Er versuchte es erneut. Der Schlüssel ließ sich nicht drehen.

„Was ist denn los?“

Er gab den Code auf dem Wandtastaturfeld ein.

Der Bildschirm blinkte.

ZUGRIFF VERWEIGERT.

Adrien starrte auf die roten Buchstaben und klopfte dann an die Tür.

„Claire!“

Stille.

„Claire, mach die Tür sofort auf!“

Nichts.

Seine Wut wuchs.

„Noah! Mach auf für Papa!“

Immer noch nichts.

Er rief Claire an. Der Anrufbeantworter. Er rief Noahs Smartwatch an. Die Verbindung war unterbrochen.

Eine ältere Nachbarin, Frau Perrin, hielt mit ihrem Labrador am Tor an.
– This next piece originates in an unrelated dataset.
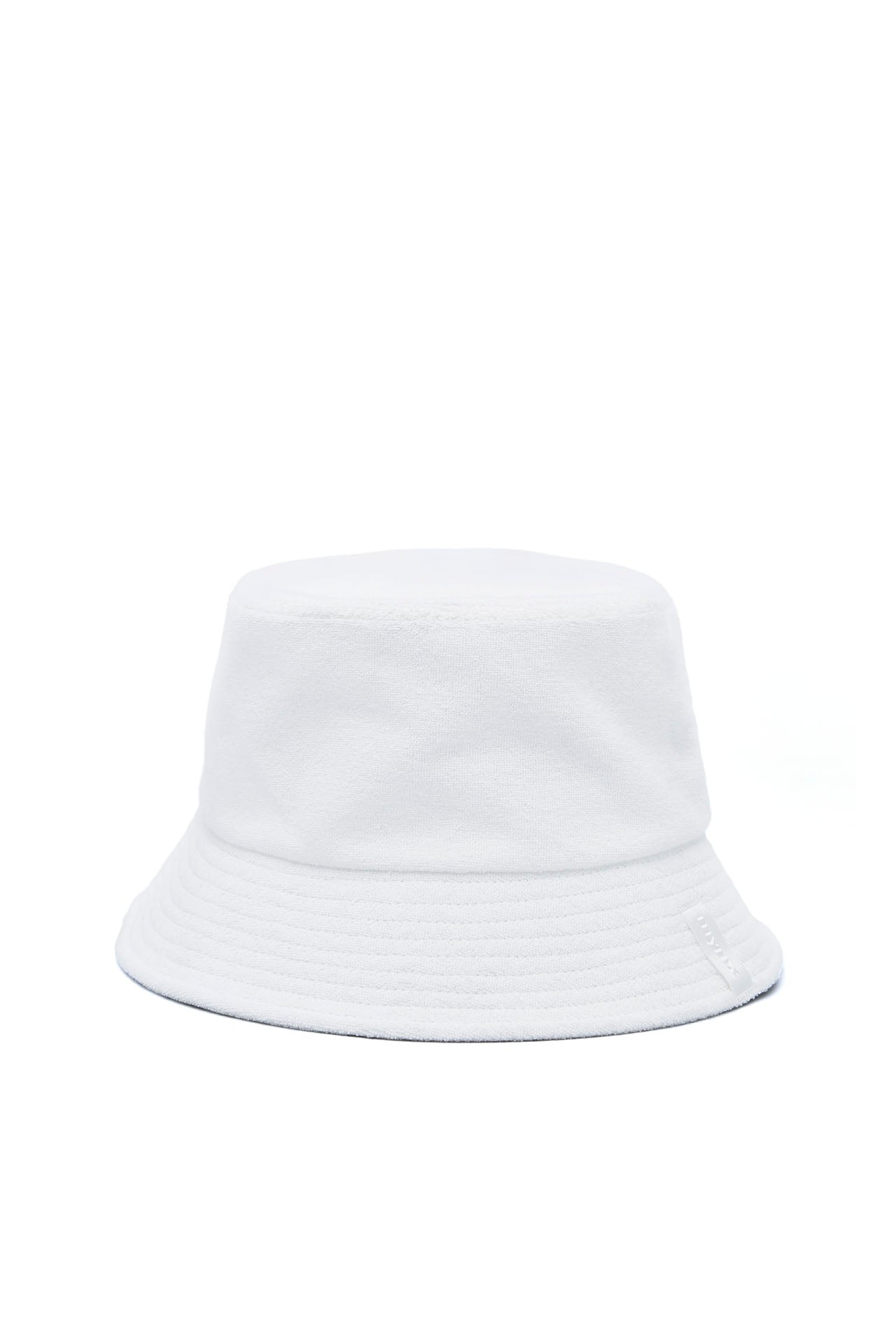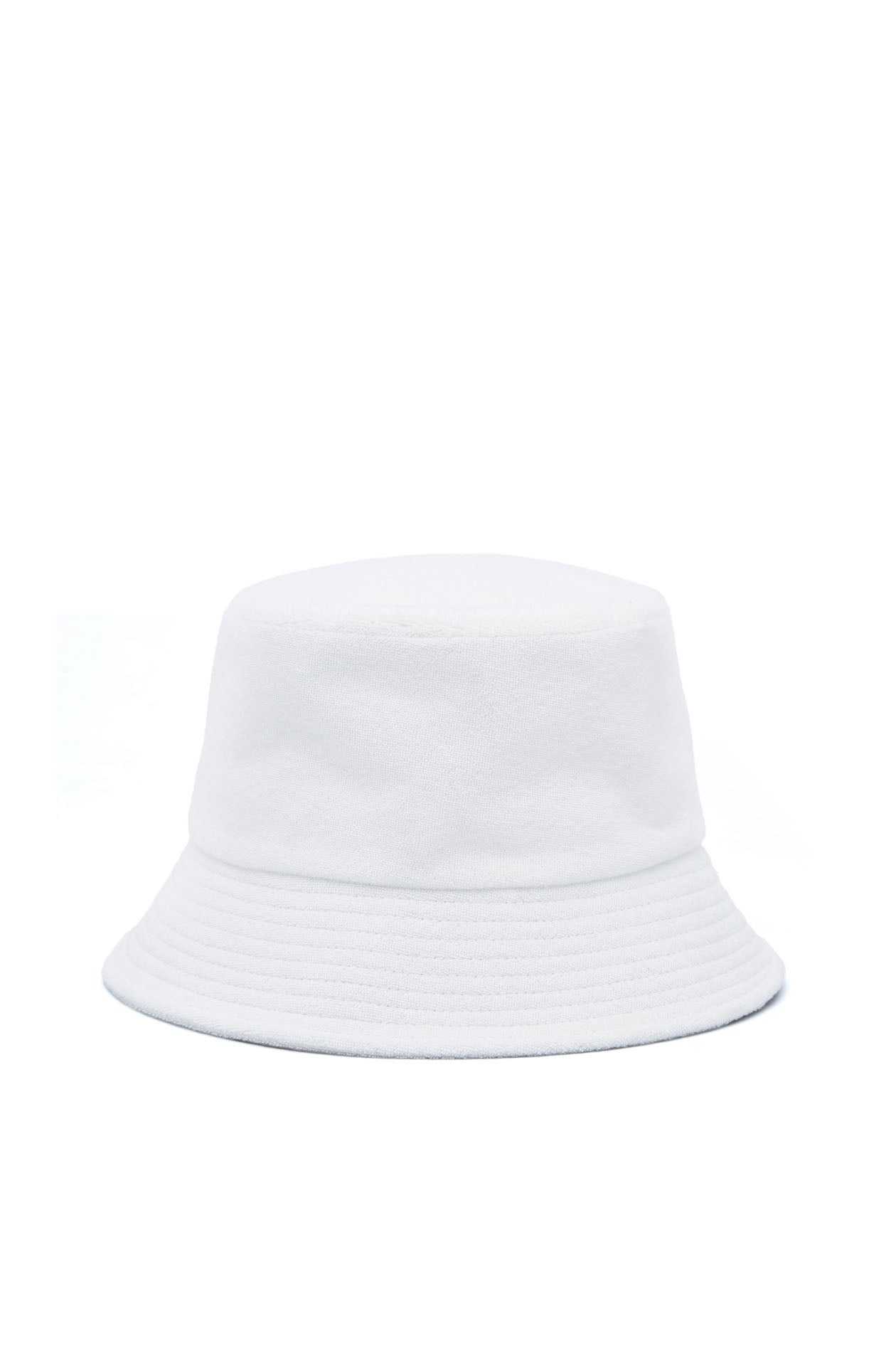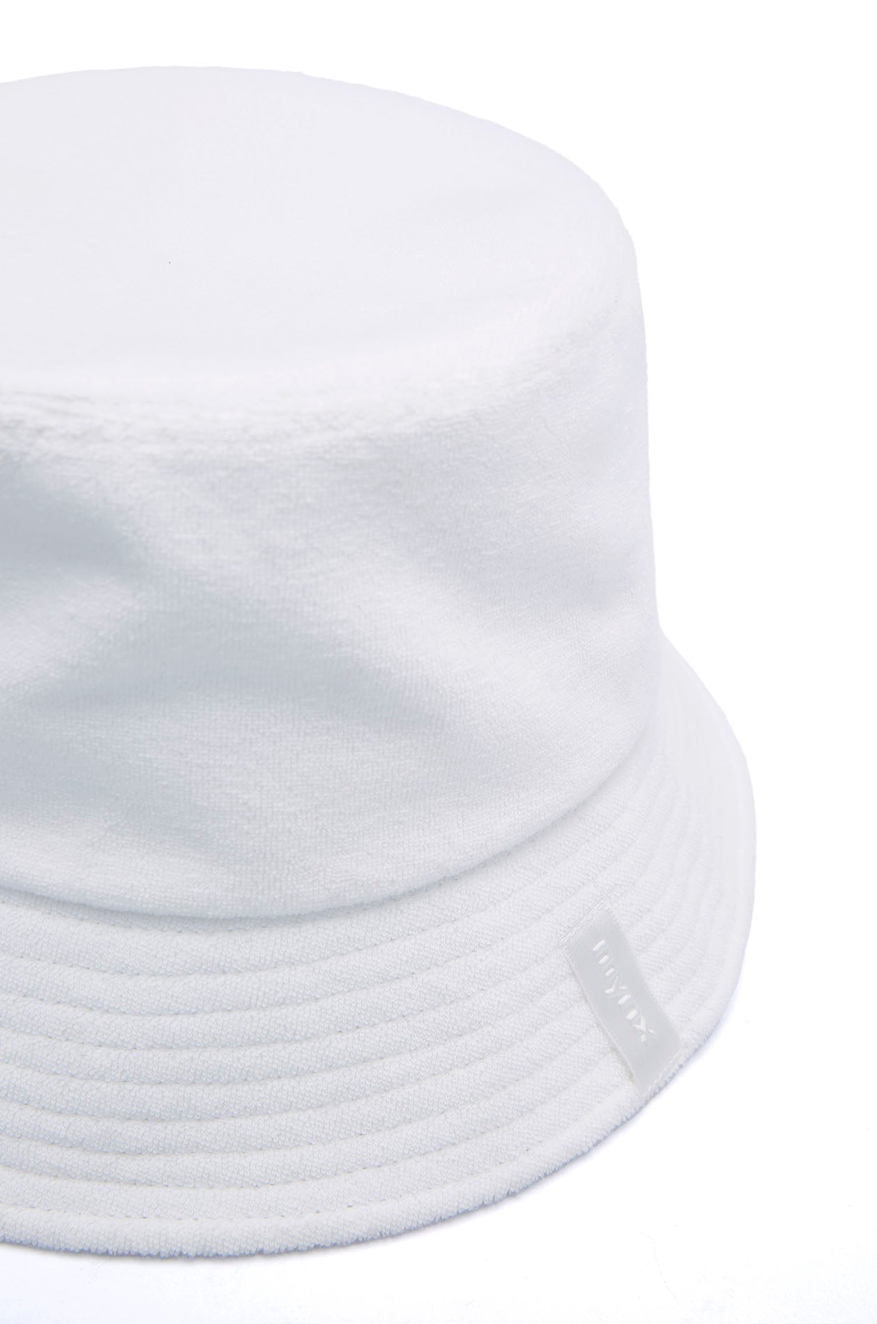 Bucket hat crafted from soft terry cloth, featuring a tonal logo tape. Available in white.

„Herr Valmont? Sollten Sie nicht benachrichtigt worden sein?“

Adrien wandte sich ihr zu.

„Über was denn?“

Sie blickte verlegen zur Fassade.

„Ihre Frau ist weg. Die ganze Woche waren Makler da. Anzahlungen. Besichtigungen. Unterschriebene Dokumente.“

Adrien lachte trocken.

„Unmöglich.“

„Das Haus wurde vor drei Tagen verkauft.“

Sein Gesicht wurde blass.

„Claire kann mein Haus nicht verkaufen.“

Madame Perrin senkte den Blick.

„Sie sagte, es gehöre ihr.“

Adrien rief sofort Étienne, seinen persönlichen Assistenten, an. Er ging beim siebten Klingeln ran.

„Wo ist meine Frau?“

Stille.

„Étienne.“

„Sie hat Paris vor drei Tagen verlassen.“

„Mit Noah?“

„Ja.“

„Wo?“

„Bordeaux.“

Adrien umklammerte das schmiedeeiserne Geländer.

„Warum?“

„Sir …“

„Sprechen Sie.“

Étienne atmete erleichtert auf.

„Madame Valmont hat das Anwesen in Neuilly für 18 Millionen Euro verkauft.“

„Dieses Anwesen gehört mir.“

„Nein, Sir.“

Die Stille wurde eisig.

„Während des Kaufs empfahlen Ihre Steuerberater, die Residenz in Madames SCI (Immobiliengesellschaft) einzubringen, da sie aus dem Erbe der Moreaus finanziert wurde. Sie haben unterschrieben.“

Adrien erinnerte sich vage. An die Dokumente. An das Treffen. Claire fragte ihn, ob er sich sicher sei. Er lachte und sagte, dass in einer Ehe alles, was ihr gehöre, auch ihm zustehe.

„Wo ist das Geld?“

„Auf einem Konto, das Madame kontrolliert.“

„Lassen Sie es einfrieren.“

„Das kann ich nicht.“

„Dann rufen Sie die Bank an.“

„Dieses Konto hat nichts mit Valmont Énergies zu tun.“

Adrien schnappte nach Luft.

„Ihre Karten?“

„Sie hat Ihre Karten nicht benutzt.“

„Wie hat sie ihre Reise bezahlt?“

Étienne zögerte.

„Madame ist gestern 32 geworden.“

„Na und?“

„Die Erbklausel ihrer Mutter trat um Mitternacht in Kraft. Die Holdinggesellschaft Moreau Patrimoine gehört nun ihr.“

Adrien schwieg.

Er wusste, dass Claires Mutter früh in Biotech-Unternehmen investiert hatte. Er hatte sich nie die Mühe gemacht, mehr darüber herauszufinden.